** Stored data follows **
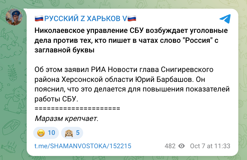 Propagandist anonymous Telegram channels, citing Mykolaiv collaborator Yurii Barbashov, are spreading claims that the Mykolaiv regional office of the Security Service of Ukraine (SBU) is allegedly opening criminal cases against citizens who write the word “Russia” with a capital letter in chats or on social media. This fake was debunked by StopFake experts.
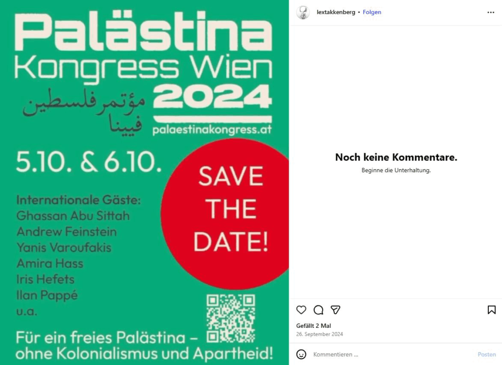Im September 2024 bewarb Takkenberg auf seinem Instagram-Profil den sogenannten „Palästina-Kongress“ in Wien (2024). Die Berichterstattung anerkannter österreichischer Medien (ORF, Der Standard) beschreibt diese Veranstaltung als Treffpunkt radikaler israelfeindlicher und extremistischer Akteure. Laut ORF und Der Standard kamen unter den Vortragenden:
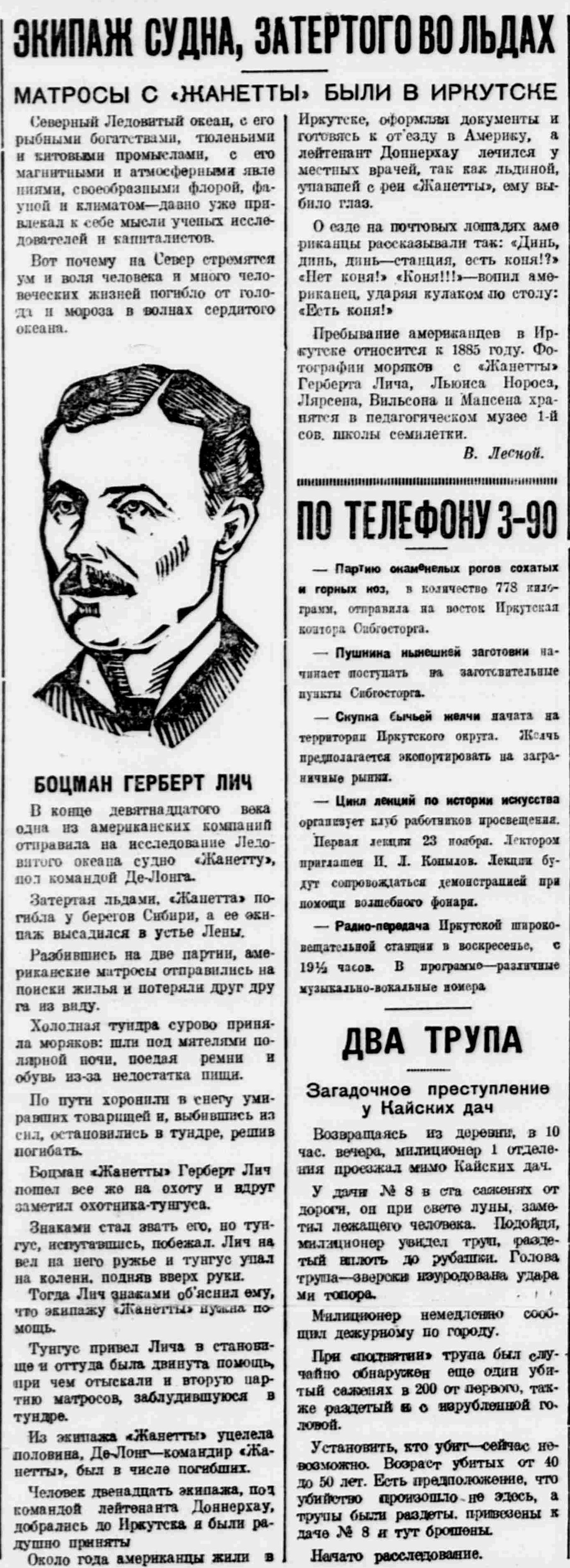Пребывание американцев в Иркутске относится к 1885 году. Фотографии моряков с «Жанетты» Герберта Лича, Льюиса Нороса, Лярсена, Вильсона и Майсена хранятся в педагогическом музее 1-й сов. школы семилетки.
** End of Stored data **
Problem to work on.
The required output is every line of the data above, set down exactly and stripped of pictures.

Answer area.
 Propagandist anonymous Telegram channels, citing Mykolaiv collaborator Yurii Barbashov, are spreading claims that the Mykolaiv regional office of the Security Service of Ukraine (SBU) is allegedly opening criminal cases against citizens who write the word “Russia” with a capital letter in chats or on social media. This fake was debunked by StopFake experts.
Im September 2024 bewarb Takkenberg auf seinem Instagram-Profil den sogenannten „Palästina-Kongress“ in Wien (2024). Die Berichterstattung anerkannter österreichischer Medien (ORF, Der Standard) beschreibt diese Veranstaltung als Treffpunkt radikaler israelfeindlicher und extremistischer Akteure. Laut ORF und Der Standard kamen unter den Vortragenden:
Пребывание американцев в Иркутске относится к 1885 году. Фотографии моряков с «Жанетты» Герберта Лича, Льюиса Нороса, Лярсена, Вильсона и Майсена хранятся в педагогическом музее 1-й сов. школы семилетки.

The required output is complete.